Lo anterior se debe a que la acción constitucional contra providencia judicial no puede ser considerada como una tercera instancia que se emplee, por ejemplo, para revivir términos, interpretaciones o valoraciones probatorias que son propias del juez natural…”. Lo anterior, debido al carácter excepcional que tiene la acción tutela cuando se dirige contra providencias judiciales, en virtud del cual, el juez constitucional no está legitimado “para estudiar de oficio todas las etapas y cualquiera de los componentes de la litis”[104], pues ello implicaría transgredir principios como el de la cosa juzgada y la seguridad jurídica […]”[105].
Asimismo, la Sección Cuarta de esta corporación judicial[106] se ha pronunciado respecto del deber de cumplir con la carga argumentativa, cuando se pretenda controvertir una providencia judicial.
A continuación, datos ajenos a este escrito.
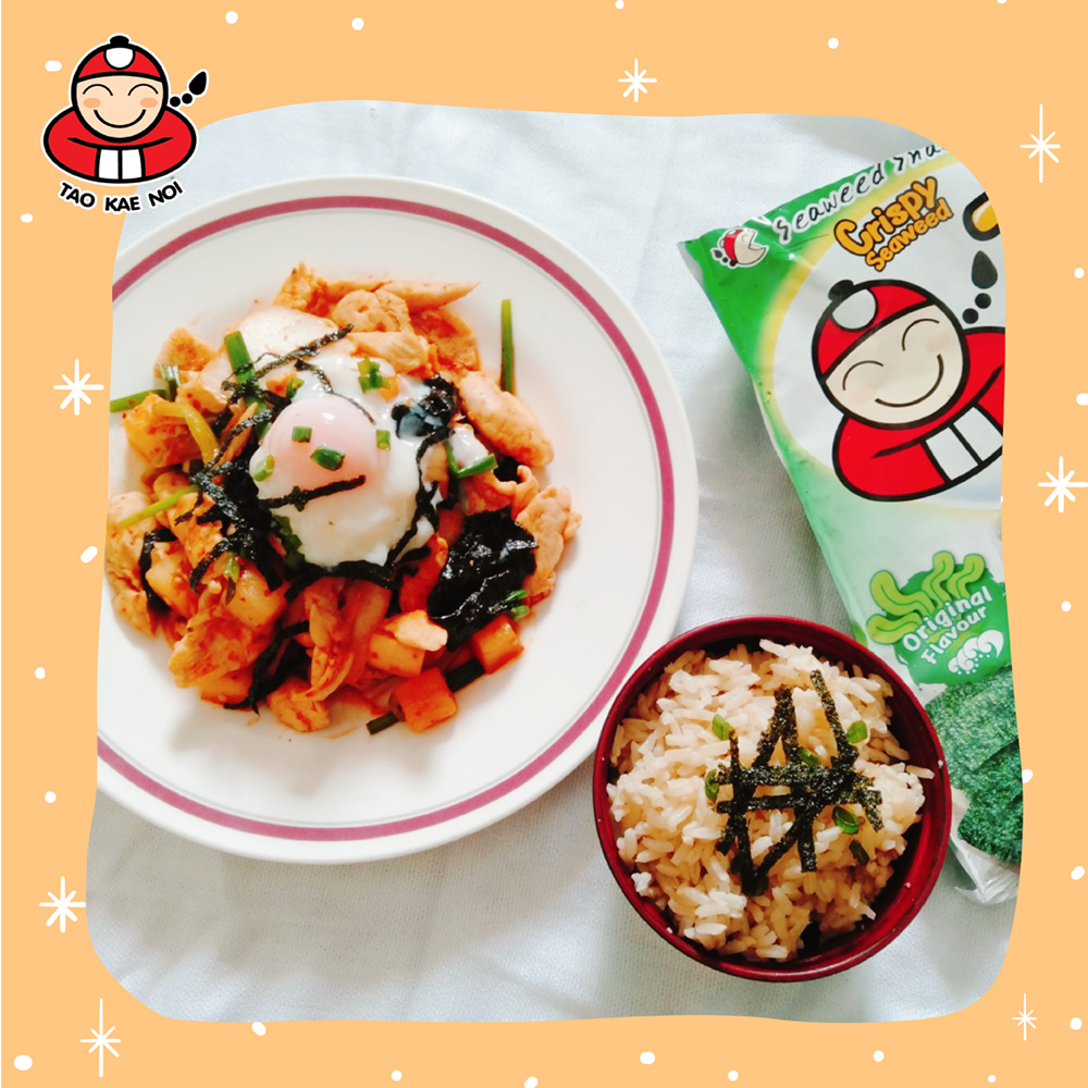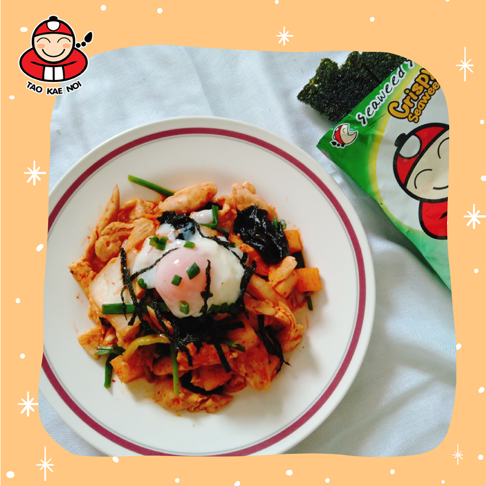 2. Add the chopped kimchi, stir-fry to mix them well together.

Es de mencionar que, de conformidad con la sentencia de 21 de junio de 2018, “[…] no es competencia del juez de tutela realizar una revisión in integrum de las providencias judiciales, pues ello conduciría a desplazar a los jueces naturales de la causa, y finalmente, convertir la acción de tutela en una instancia adicional a las que establece la ley […]”[107].
(Negrillas de la Sala) Cabe resaltar que la acción de tutela no puede ser un mecanismo ideado con el fin de pretender ventilar pretensiones que busquen la concepción de una tercera instancia procesal; pues, sin lugar a dudas, ello atentaría contra los principios de la seguridad jurídica, la cosa juzgada y, no menos importante, la autonomía funcional de los jueces[108].
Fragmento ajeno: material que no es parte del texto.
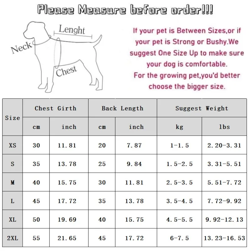 XXL Chest 55cm/18.90'' Length 45cm/17.72'' Suggest Weight 6.0-7.5kg/13.23-16.53 lbs
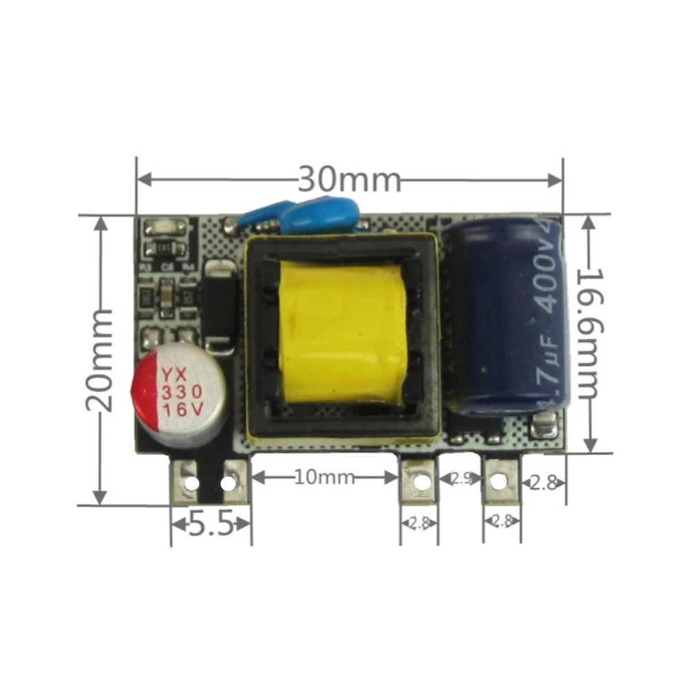 Ce module d’alimentation à découpage est conçu pour fournir une tension de sortie de 3.7V / 4.2V 2000mA / 5V 1700mA / 9V 800mA. Il est doté d’une faible ondulation AC-DC et d’une isolation d’entrée. Le module peut accepter une entrée AC de 85-280V et une entrée DC de 100-380V. Il offre une efficacité de 73% à 78% et une veille à vide de 30mW pour une tension de 5V et de 75mW pour une tension de 12V. La plage de fréquence de ce module est de 50-70 KHz.
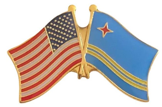 Each Aruba flag friendship lapel pin depicts the US flag on the left along with the Aruba flag on the right. Each pin measures approximately 1″ x 3/4″ or 28 mm x 18.3 mm and is the same quality as the single flag lapel pins.
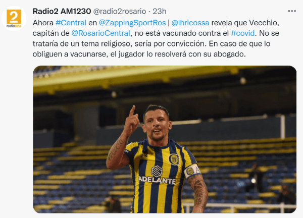 En el caso de Rosario Central, según la información que brindó el periodista de Radio 2 de Rosario, Luis Ricossa, el futbolista Emiliano Vecchio aún no está inoculado y tampoco desea hacerlo. “No se trataría de un tema religioso, sería por convicción. En caso de que lo obliguen a vacunarse, el jugador lo resolverá con su abogado”, indicó.
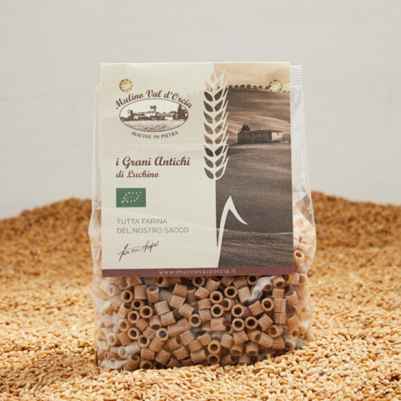 -Wholemeal semolina pasta made from Senatore Cappelli organic durum wheat. We pursue a different Idea of Pasta, milling Integrale the recognized excellence of Senatore Cappelli Durum Wheat; by bronze drawing the result has peculiar, and unique characteristics: undoubted nutritional ones, thanks also to the slow drying process, but more so those of the pleasure it gives in cooking and eating it. Chocolate-colored and uneven-surfaced and therefore porous, tenacious but not stubbornly textured, though good with everything She likes a seasoning that does not overpower her but complements her, a playful contending for the stage of the palate. CYCLING Average distance between the harvesting field and the mill-drying facility: 6 km. About 18 hours of average drying time at a temperature of about 38°/42°.
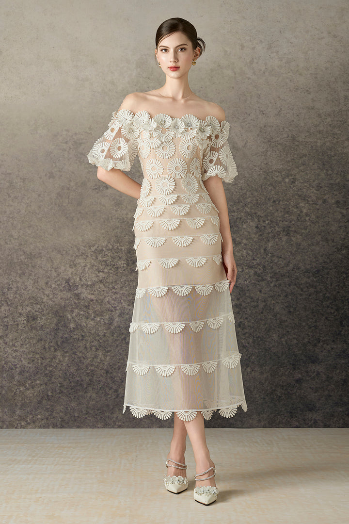 The dress showcases a sophisticated mermaid silhouette that contours the body elegantly. Featuring intricate 3D floral appliqués, the dress adds depth and texture to its delicate lace fabric. The illusion neckline enhances its refined appeal, while puff sleeves introduce a subtle yet stylish volume. Designed for a graceful fit and timeless elegance, this dress is ideal for formal events where a blend of classic and contemporary details is desired.
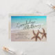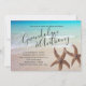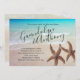 Modern beach wedding shower or engagement party invitations. The names of the bride and groom are in large script, angled at the top with two brown sea stars representing the couple. All party text is added in a paragraph so this card can be used for any type of party, or as a wedding ceremony invitation.

En conclusión, las autoridades judiciales accionadas, no incurrieron en el presunto defecto material o sustantivo, en el supuesto desconocimiento del precedente jurisprudencial, en el aparente defecto fáctico y, mucho menos, en la posible violación directa de la Constitución Política que se acusan en la demanda de tutela, al interior de la causa ordinaria con radicación No. 15001-33-33-013-2015-00162-01[109]; y por ende, tampoco es dable afirmar y aseverar la vulneración de los derechos constitucionales fundamentales a que se refiere la parte actora, en su solicitud de amparo impetrada.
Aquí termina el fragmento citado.